━━━ Data to examine

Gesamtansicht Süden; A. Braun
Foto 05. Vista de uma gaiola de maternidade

━━━━━━
━━━ Data to examine

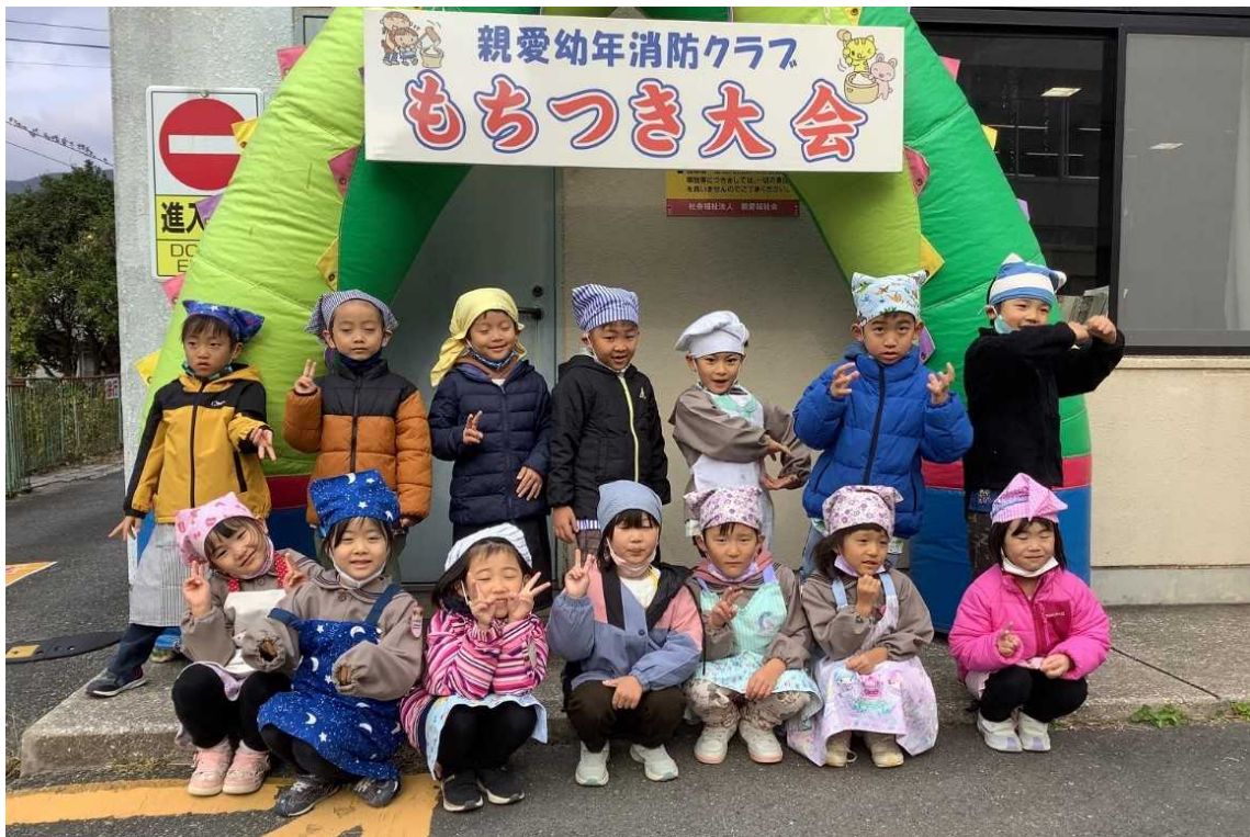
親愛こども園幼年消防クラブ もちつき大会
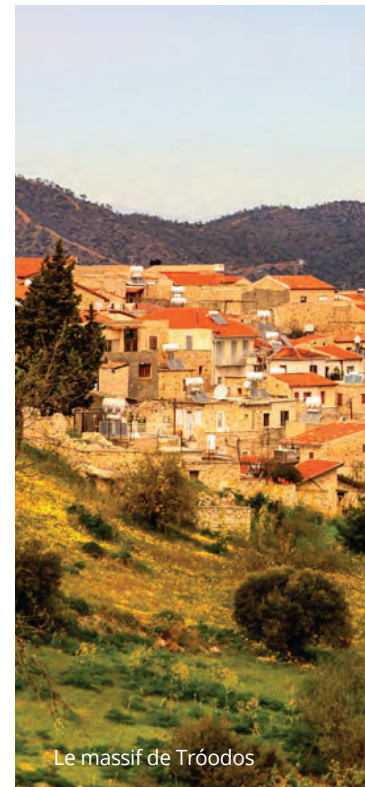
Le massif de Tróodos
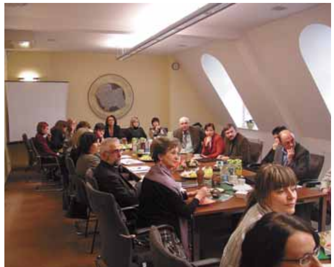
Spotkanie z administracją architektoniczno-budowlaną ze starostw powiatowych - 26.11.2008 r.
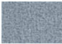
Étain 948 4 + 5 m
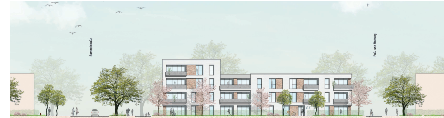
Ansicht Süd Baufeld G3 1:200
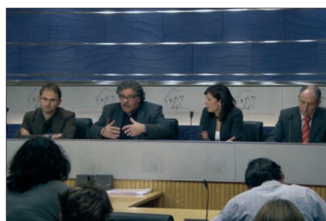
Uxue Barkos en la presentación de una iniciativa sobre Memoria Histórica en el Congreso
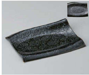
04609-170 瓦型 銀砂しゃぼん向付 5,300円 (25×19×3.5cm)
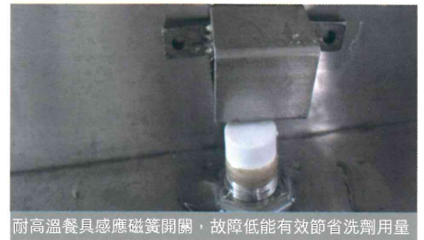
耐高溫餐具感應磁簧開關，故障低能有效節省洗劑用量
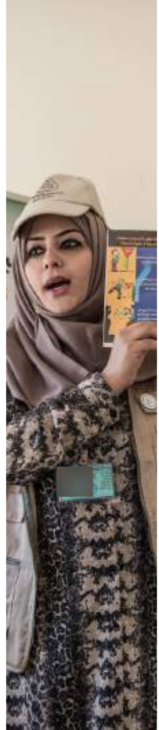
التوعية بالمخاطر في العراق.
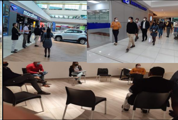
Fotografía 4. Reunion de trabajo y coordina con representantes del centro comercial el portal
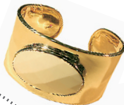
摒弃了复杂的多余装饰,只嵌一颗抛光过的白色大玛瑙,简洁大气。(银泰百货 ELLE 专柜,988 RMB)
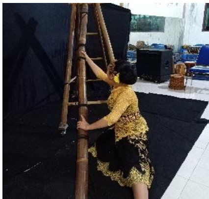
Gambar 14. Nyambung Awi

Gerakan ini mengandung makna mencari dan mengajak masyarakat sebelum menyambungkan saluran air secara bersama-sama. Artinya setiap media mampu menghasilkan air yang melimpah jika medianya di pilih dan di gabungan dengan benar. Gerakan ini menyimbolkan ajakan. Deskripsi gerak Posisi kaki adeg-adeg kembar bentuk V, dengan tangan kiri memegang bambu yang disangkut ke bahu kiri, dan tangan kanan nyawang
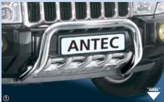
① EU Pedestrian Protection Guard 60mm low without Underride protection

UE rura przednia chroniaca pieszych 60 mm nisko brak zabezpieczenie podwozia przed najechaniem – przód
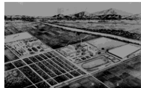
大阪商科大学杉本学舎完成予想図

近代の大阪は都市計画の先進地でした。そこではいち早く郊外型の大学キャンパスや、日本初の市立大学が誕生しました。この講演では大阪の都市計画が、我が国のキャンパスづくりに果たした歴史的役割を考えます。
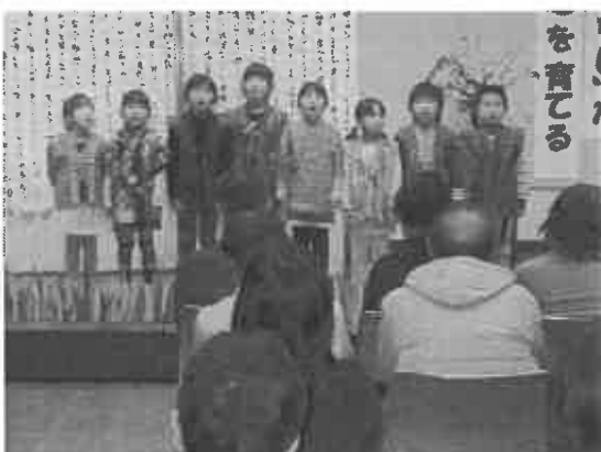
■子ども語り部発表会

━━━━━━
━━━ Data to examine

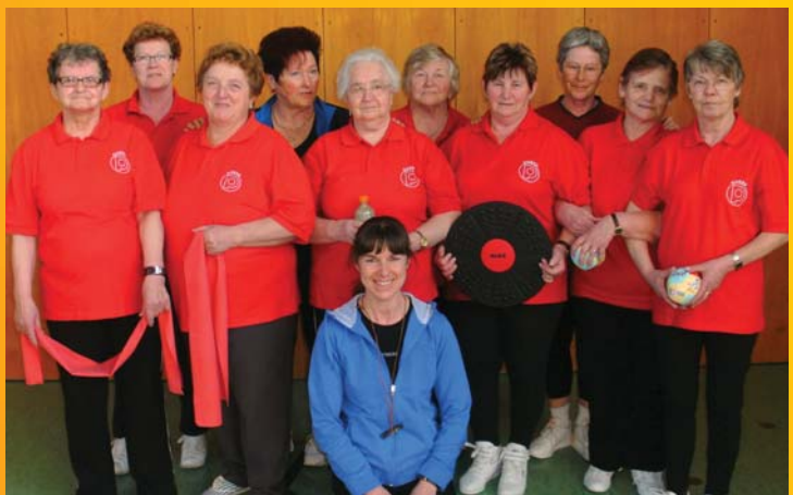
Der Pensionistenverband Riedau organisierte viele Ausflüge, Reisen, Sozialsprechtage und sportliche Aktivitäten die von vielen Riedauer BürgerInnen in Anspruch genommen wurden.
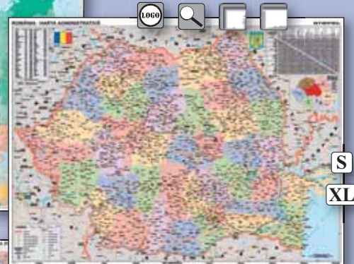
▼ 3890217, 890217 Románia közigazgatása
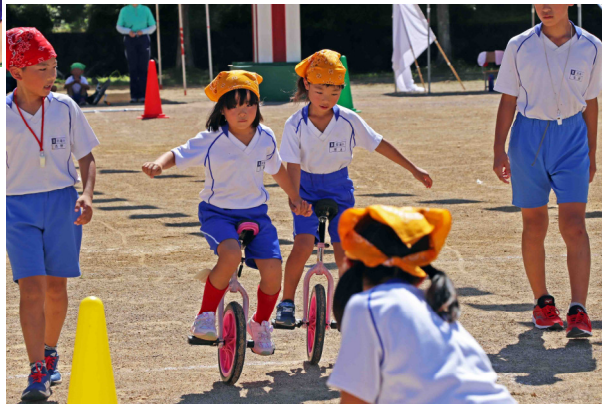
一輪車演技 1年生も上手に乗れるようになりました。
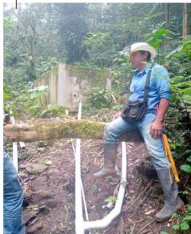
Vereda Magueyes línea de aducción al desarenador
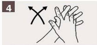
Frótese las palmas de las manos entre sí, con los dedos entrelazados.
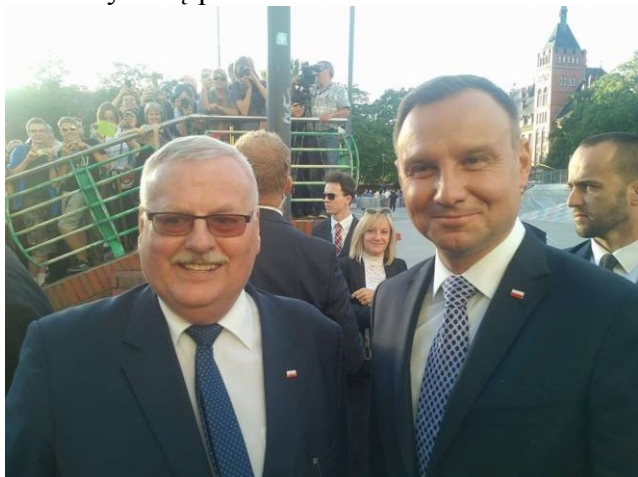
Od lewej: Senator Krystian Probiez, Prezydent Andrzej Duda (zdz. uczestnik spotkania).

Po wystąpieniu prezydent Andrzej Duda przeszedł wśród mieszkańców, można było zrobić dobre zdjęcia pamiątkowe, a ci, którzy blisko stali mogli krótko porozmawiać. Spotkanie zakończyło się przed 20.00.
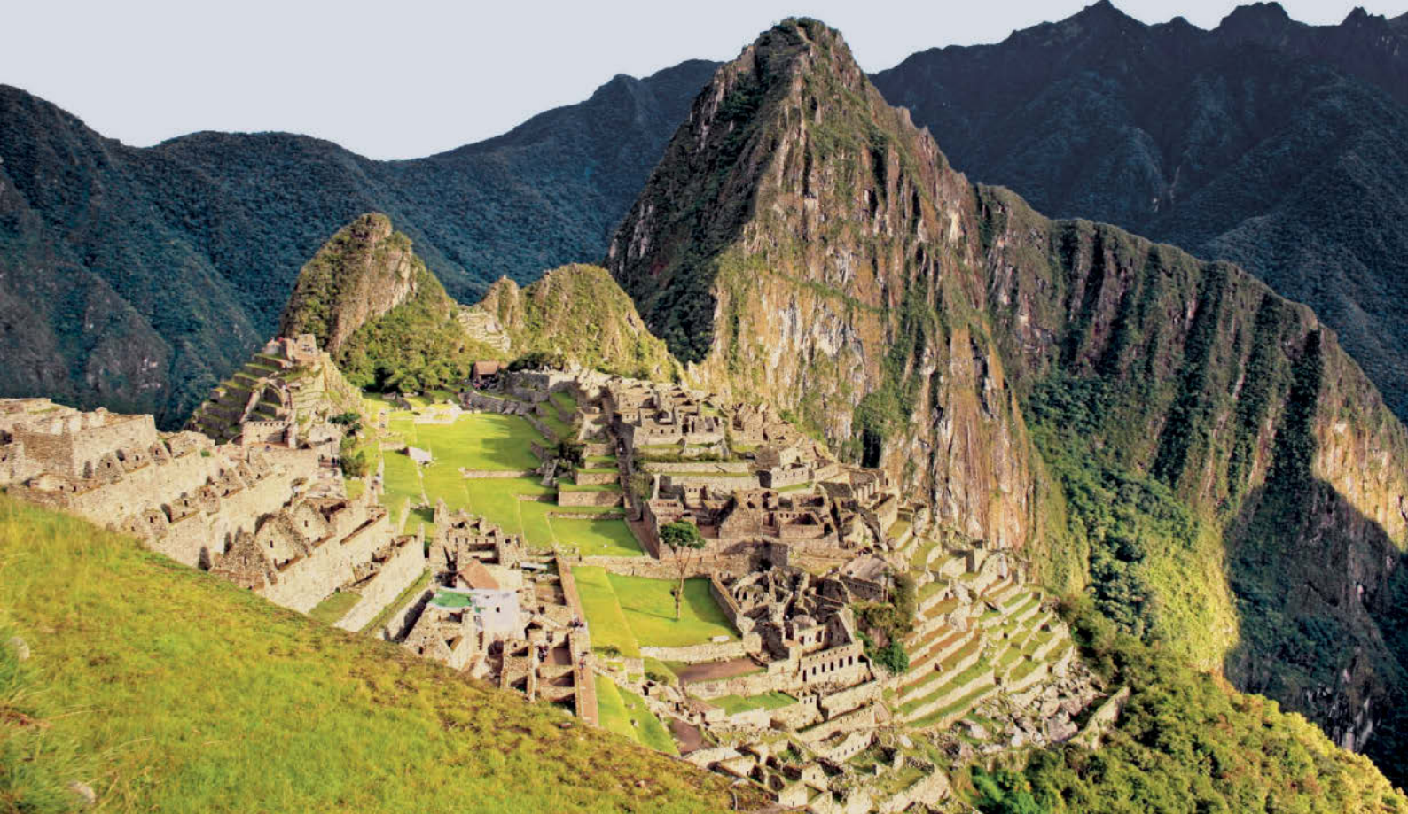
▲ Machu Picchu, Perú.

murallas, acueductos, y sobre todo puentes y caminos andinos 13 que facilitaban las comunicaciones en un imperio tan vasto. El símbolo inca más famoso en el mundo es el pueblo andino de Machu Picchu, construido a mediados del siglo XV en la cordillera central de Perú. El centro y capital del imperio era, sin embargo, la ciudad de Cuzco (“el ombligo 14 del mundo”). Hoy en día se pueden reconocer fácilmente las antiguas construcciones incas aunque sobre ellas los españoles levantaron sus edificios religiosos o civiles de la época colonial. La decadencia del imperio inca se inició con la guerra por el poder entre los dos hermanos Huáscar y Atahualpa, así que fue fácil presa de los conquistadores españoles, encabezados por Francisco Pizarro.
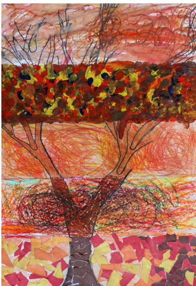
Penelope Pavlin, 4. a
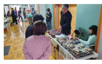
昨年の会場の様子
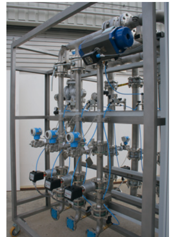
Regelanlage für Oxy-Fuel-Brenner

━━━━━━

> Assignment: Set the pictures aside and reproduce exactly the lines above, from the line holding "Frótese las palmas" through the line holding "Machu Picchu, Perú.", both included, with nothing else.

> Completed exercise:
Frótese las palmas de las manos entre sí, con los dedos entrelazados.
Od lewej: Senator Krystian Probiez, Prezydent Andrzej Duda (zdz. uczestnik spotkania).

Po wystąpieniu prezydent Andrzej Duda przeszedł wśród mieszkańców, można było zrobić dobre zdjęcia pamiątkowe, a ci, którzy blisko stali mogli krótko porozmawiać. Spotkanie zakończyło się przed 20.00.
▲ Machu Picchu, Perú.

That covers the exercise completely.